Here Leopardi accurately conveys the way depression presents itself not as a subjective affliction, but as a disclosure of the true nature of the world. In melancholy, the world is seen to be without meaning and life is void of purpose; and once this desolation has been experienced it can never be wholly set aside. Yet Leopardi was, if anything, too faithful to his desolation; he was not an analyst of melancholy but its partisan. This distinguishes him from that other unhappy philosopher-poet, Samuel Taylor Coleridge. Coleridge knew all about misery, but because he had also known joy, he did not conceive of misery as an immutable truth about the world. It was, rather, a condition of the soul, which makes the world as much as it is made by it: “O Lady! we receive but what we give, / And in our life alone does Nature live,” he writes in “Dejection: An Ode.”

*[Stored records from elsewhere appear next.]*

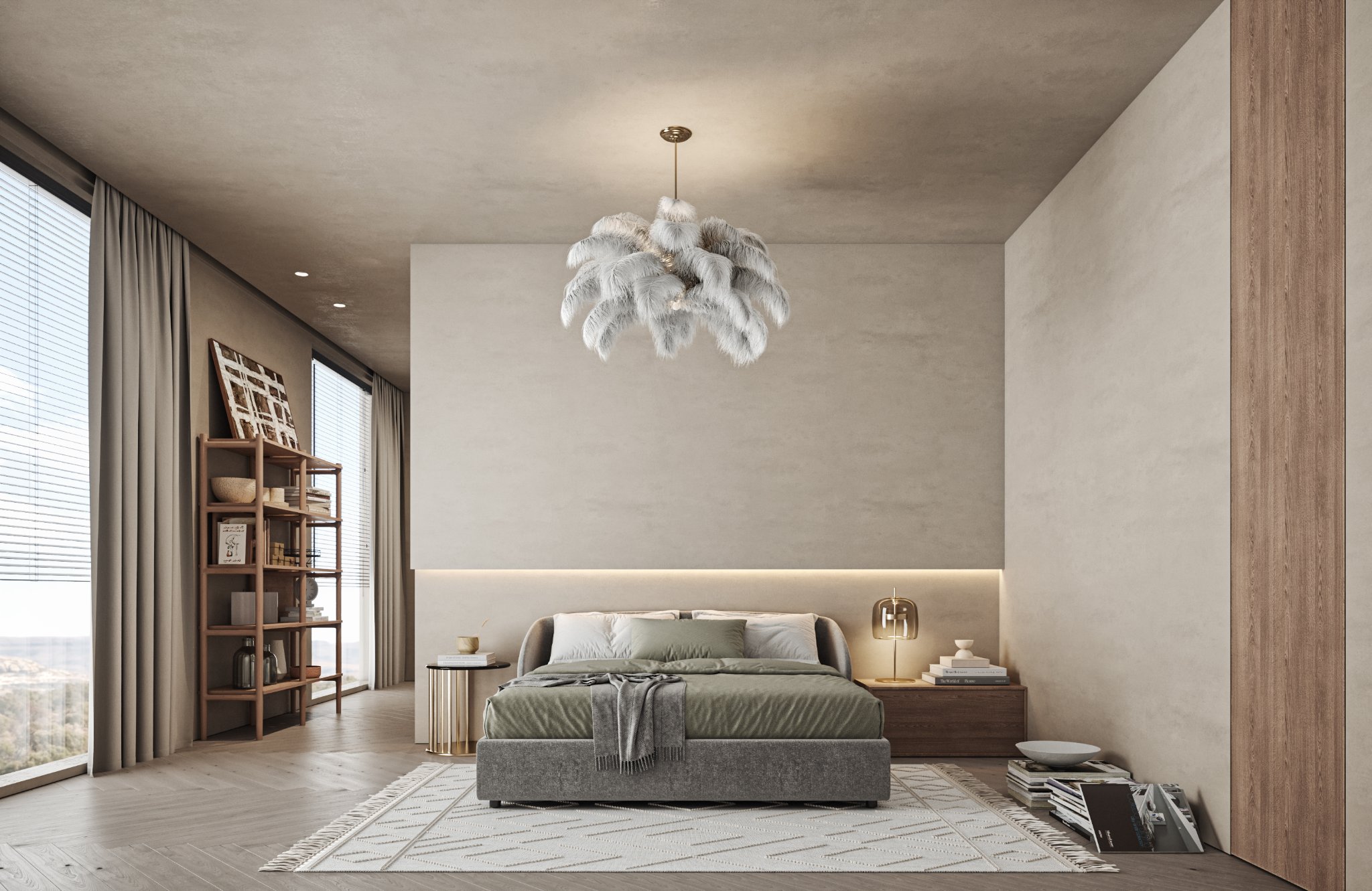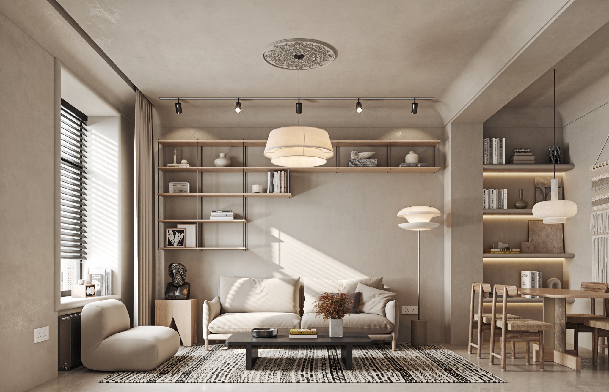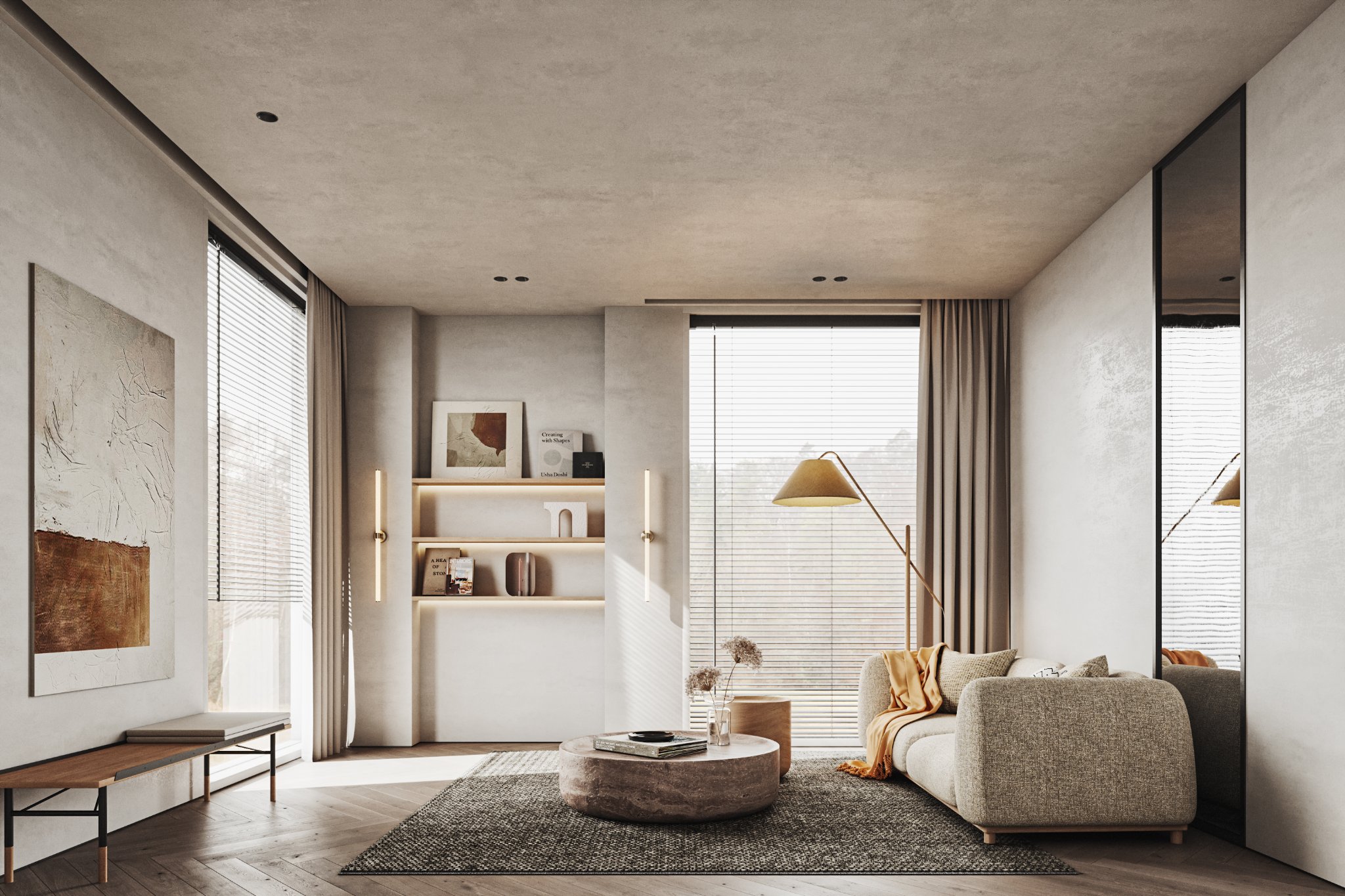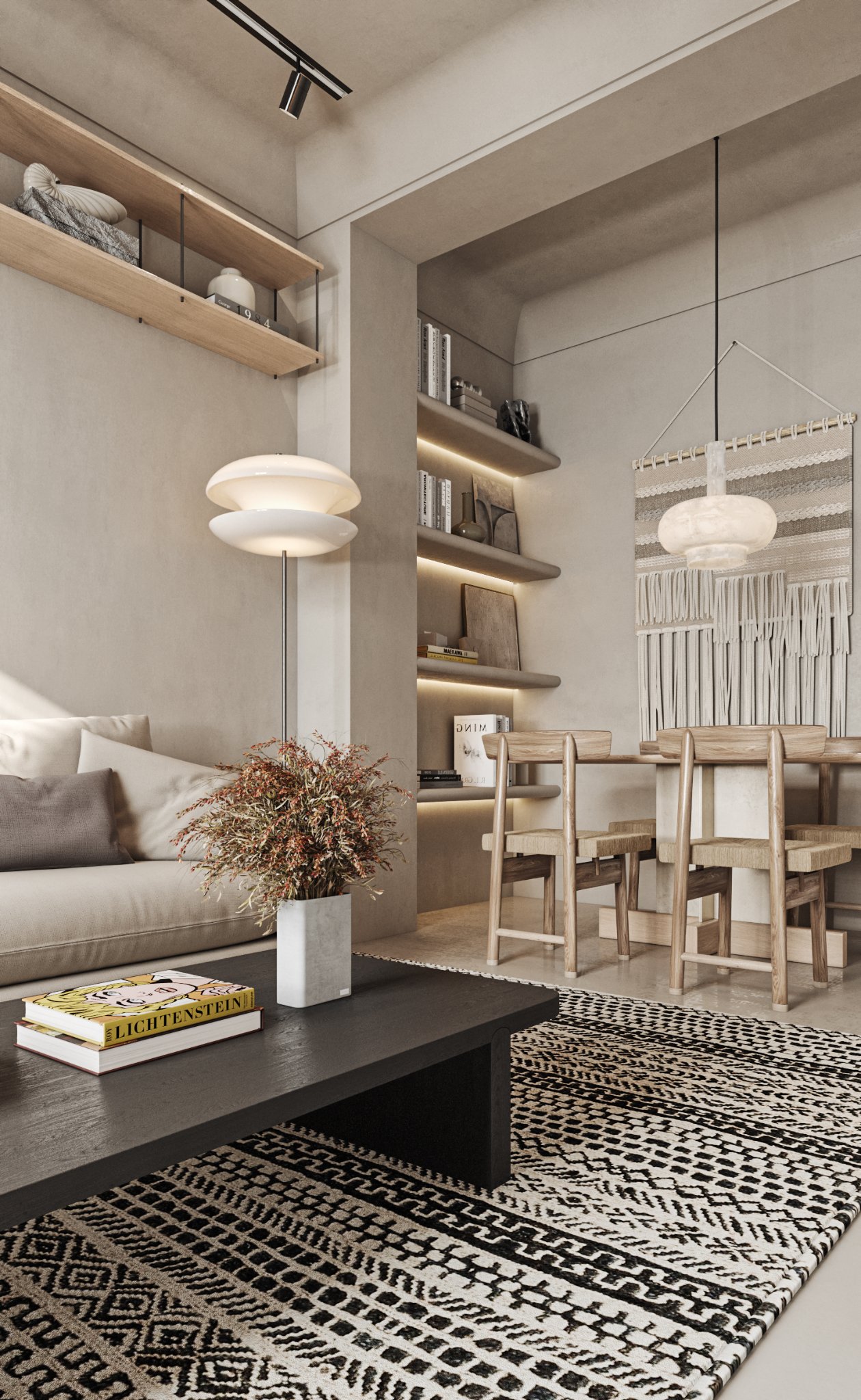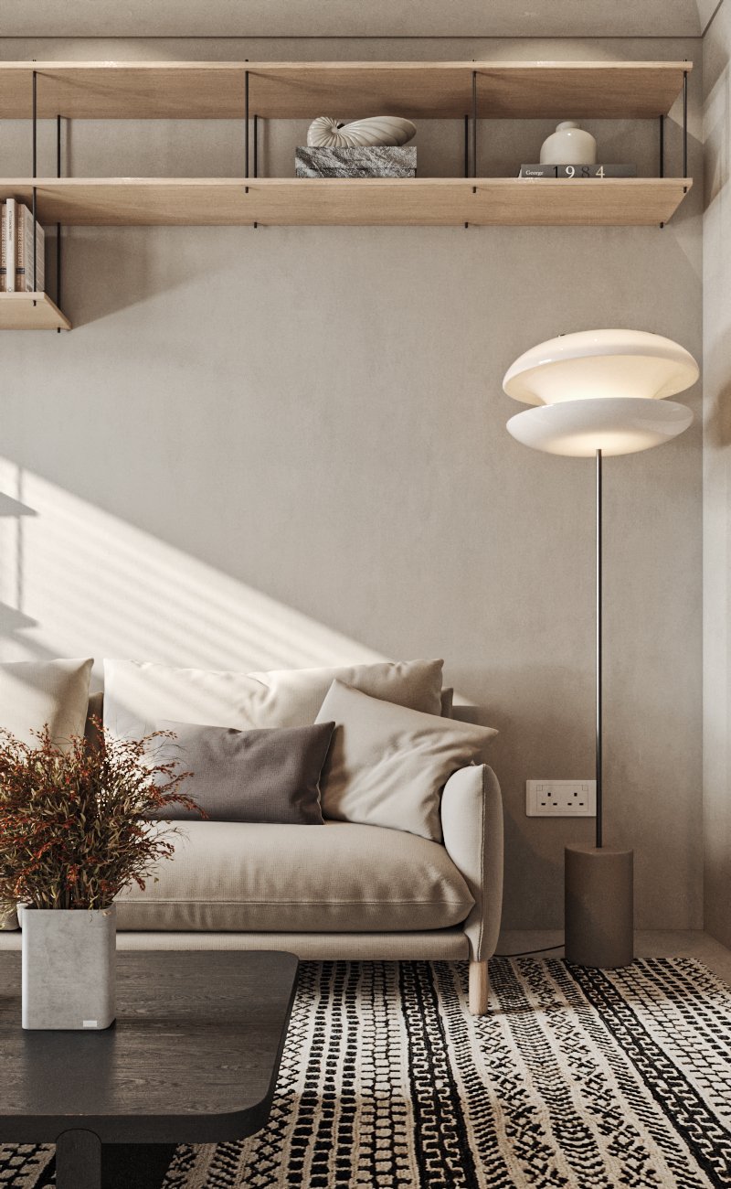 This interior design celebrates the beauty of minimalism, featuring microcement walls that provide a sleek, textured backdrop for the space. The clean, monochromatic palette of white and warm tones creates a serene and inviting atmosphere, while carefully chosen accents add depth and character. The ceiling becomes a focal point with its unique, sculptural lighting fixtures, which cast a soft, ambient glow and enhance the room’s modern aesthetic. Every element, from the streamlined furniture to the subtle textures, is thoughtfully curated to balance functionality and elegance. This space is a testament to the power of simplicity, where light, texture, and warmth come together to create a harmonious and sophisticated environment.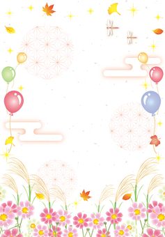 秋桜と秋の草花と夕焼けのフレーム(縦)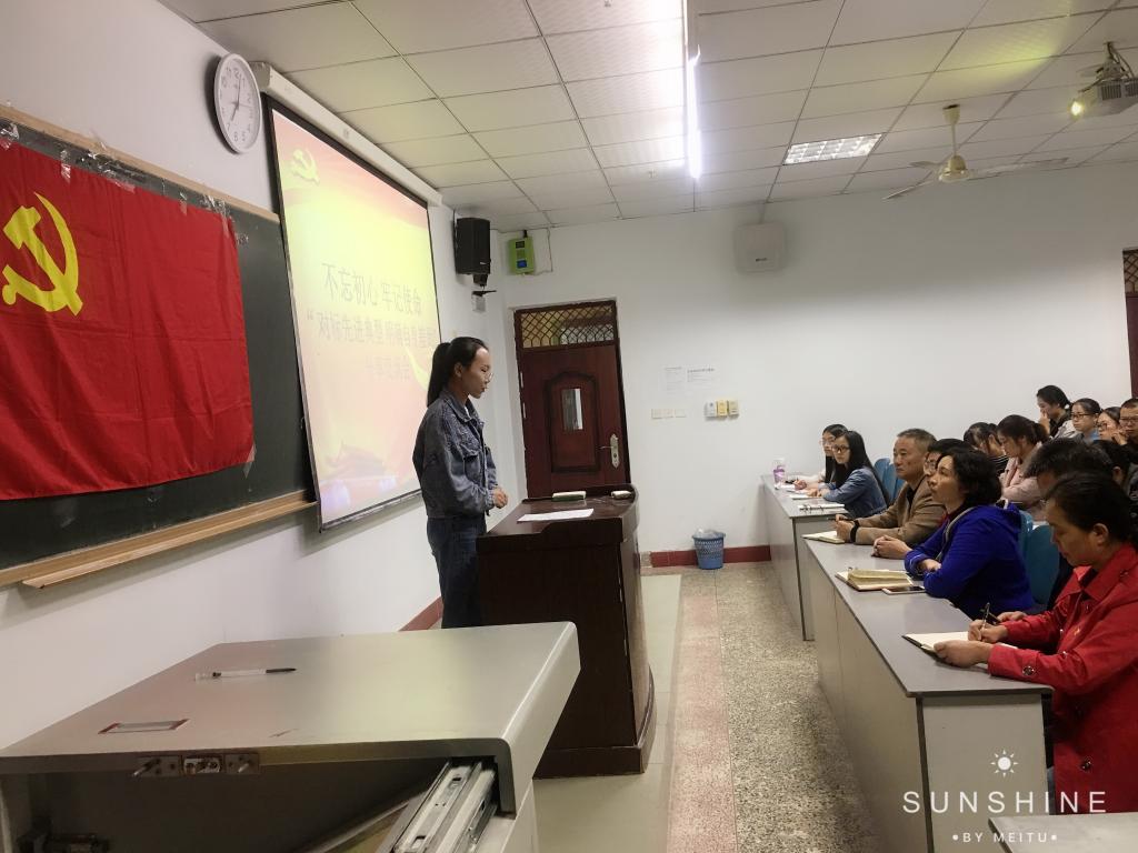 分享交流会采用学生党员、发展对象、入党积极分子轮流上台以朗诵先进事迹、讲故事、播放视频的方式分享了焦裕禄、钟扬、严克美、黄文秀、其美多吉、黄大年、张富清、周永开、李保国的感人事迹:人民的好公仆、干部的好榜样焦裕禄为亿万人们心中筑起一座永不磨灭的丰碑;深藏功名60载,坚守初心,不改本色的老英雄张富清;心有大我,至诚报国的物理学家黄大年;在脱贫攻坚一线倾情投入,奉献自我,用美好青春诠释了共产党人的初心使命,谱写了新时代的青春之歌的黄文秀;坚守29年雪线邮路的忠诚信使其美多吉……这些先进人物都是每个时代的标志,一个个故事催人泪下,他们忠于党、忠于人民、坚守初心、不改本色、勤勤恳恳、爱岗敬业的精神值得我们永远敬仰和学习。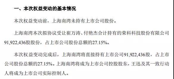 榮科科技公告表示,公司接到通知,公司實際控制人崔萬濤、付艷杰已經(jīng)簽署了《解除一致行動協(xié)議》。將合計持有的榮科科技9192.24萬股轉讓給上海南灣,占上市公司股份總額的27.15%,轉讓價格為10.88元/股,經(jīng)協(xié)商后合計總價10億元。上海南灣將成為上市公司控股股東,王迅及其一致行動人將成為上市公司實際控制人。

But there is nothing in all the thousands of pages of the Zibaldone to suggest that the world ever presented itself to Leopardi under the aspect of joy. What he had instead was the ambiguous pleasure of understanding—the power of reasoning out, in flashes of grim exaltation, why the unhappy world had no choice but to be unhappy. Everyone, perhaps, sees only as much of the world as his nature allows him to see. But for Leopardi, the connection between inner and outer reality was especially immediate, in a way that is characteristic of poetry, not philosophy. Even in the Zibaldone, then, he remains a poet; and perhaps this book is most significant as a vast objective correlative—bringing us as close as we can come, or want to come, to the brilliant bleakness of his inner life.
Adam Kirsch is a senior editor at The New Republic and the author, most recently, of Why Trilling Matters (Yale).